Vanity Fair:

Del Harvey, Twitter’s resident troll hunter, has a fitting, if unusual, backstory for somebody in charge of policing one of the Internet’s most ungovernable platforms. As a teenager, she spent a summer as a lifeguard at a state mental institution; at 21, she began volunteering for Perverted Justice, a vigilante group that lures pedophiles into online chat rooms and exposes their identities. When the group partnered with NBC in 2004 to launch To Catch a Predator,Harvey posed as a child to help put pedophiles in jail. In 2008, she joined Twitter, then a small status-updating service whose 140-character quirk was based on the amount of alphanumerics that could be contained on a flip-phone screen. She was employee No. 25, and her job was to combat spam accounts.

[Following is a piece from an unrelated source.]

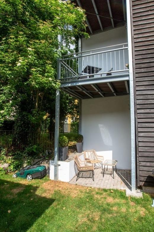 Über den Hausflur im Erdgeschoss gelangen Sie zum ruhigen Innenhof. Dort können Sie den Tag mit einem Glas Wein oder einem kühlen Bier ausklingen lassen.

Harvey’s bildungsroman is legend inside Twitter, where she now serves as vice president of trust and safety, effectively commanding a massive, never-ending war between the company’s censors and a legion of Russian bots, sexual harassers, neo-Nazis, and Turkish hackers who have, at times, seemed to overwhelm the platform. For the past decade, she has been at the forefront of that battle, winning the loyalty of Twitter employees who respect her deep institutional knowledge. But as Twitter has grown from a small messaging platform with no revenue to a $25 billion public company, many company insiders have come to a frustrating conclusion: it’s a war that Harvey is losing.

A pretty damning article from Maya Kosoff, but not wrong.